Traços da vigília continuam a reverberar durante o sono e a gente pode medir


isso daí. Então essa afirmação freudiana é uma afirmação científica, testável e
corroborada. Uma outra coisa que Freud falou, é que traumas da infância
podem modificar o comportamento do adulto.

Então, por exemplo, pessoas que passaram por abuso na infância, podem ter
uma metilação da região promotora que permite a transcrição do gene que
codifica para o receptor grupo corticoide.

Significa que vai haver uma redução da expressão desse receptor que está
envolvido na resposta ao estresse. Então, essas pessoas se tornam
hiperestressaveis.

Ou seja, aquela pessoa que passou por um trauma, ela vai passar o resto da
vida mais sensível ao estresse e, portanto, voltando novamente a se
traumatizar multiplamente, ou seja, é totalmente biológico, isso que acontece
em função da experiência, quer dizer, a experiência gera modificação
comportamental de longo prazo.
Freud também postulou que o que faz o sonho é o desejo, a frase que ele usou
é que o desejo é o motor do sonho.

Hoje está bem demonstrado que pessoas que são desprovidas do sistema
dopaminérgico, ou seja, do sistema que permite desejar coisas boas e evitar
coisas negativas, quando as pessoas não têm esse sistema, elas não sonham,
então de fato deseja o motor do sonho.

Freud foi a pessoa que descreveu a repressão inconsciente de memórias e a


supressão consciente de memórias.
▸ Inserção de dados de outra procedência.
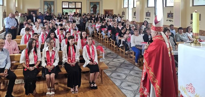 25.08.2025, Iași (Catholica) - Duminică, 24 august 2025, parohia „Sfinții Apostoli Petru și Paul” din Brusturoasa a trăit un moment deosebit de har și bucurie spirituală, deoarece 16 adolescenți și tineri din parohie și filiala Buruienișu de Sus și 15 candidați din filiala Cuchiniș l-au primit pe Duhul Sfânt cu cele șapte daruri, prin impunerea mâinilor și ungerea cu Sfântul Mir acordată de Preasfințitul Petru Sescu, Episcopul auxiliar al Diecezei de Iași.

Então, quando alguma coisa é muito
desagradável, consciente ou inconscientemente a gente pode colocar aquilo
por debaixo do tapete e a pessoa, de fato, acha que aquela memória não
existe.

No entanto, a memória está lá e na teoria psicanalítica essa memória oculta


pode gerar sintomas. Hoje em dia existe uma linha de pesquisa, vários
pesquisadores diferentes publicando em revistas do mais alto nível, mostrando
que existe, de fato, esse fenômeno.

Então, porções do córtex frontal se ativam e inibem a atividade do hipocampo e


amígdala, suprimindo essas memórias.

Isso é um programa de pesquisa, absolutamente central na ciência e ele é tão


inspirado em Freud que você vai nos artigos e no próprio resumo, a primeira
palavra que aparece é: “de acordo com aquilo que foi postulado por Freud”.
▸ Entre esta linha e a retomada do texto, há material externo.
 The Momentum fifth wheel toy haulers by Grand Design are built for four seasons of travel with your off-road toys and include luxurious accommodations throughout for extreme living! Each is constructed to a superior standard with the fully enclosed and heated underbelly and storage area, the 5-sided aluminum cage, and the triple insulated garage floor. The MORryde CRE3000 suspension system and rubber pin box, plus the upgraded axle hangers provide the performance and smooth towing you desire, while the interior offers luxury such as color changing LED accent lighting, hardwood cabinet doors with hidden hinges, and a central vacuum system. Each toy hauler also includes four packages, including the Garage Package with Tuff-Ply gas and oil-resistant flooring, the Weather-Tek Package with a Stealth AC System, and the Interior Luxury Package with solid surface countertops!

Portanto, Freud está voltando com a neurociência e eu acredito que nos


próximos anos ele vai voltar a ocupar o lugar que ele sempre deveria ter
ocupado, que é um lugar ao lado de Santiago Ramon Cajal, ao lado do
Sherrington, ao lado do Adrian, ao lado do Pavlov, dos grandes fundadores da
neurociência, no início do século 20.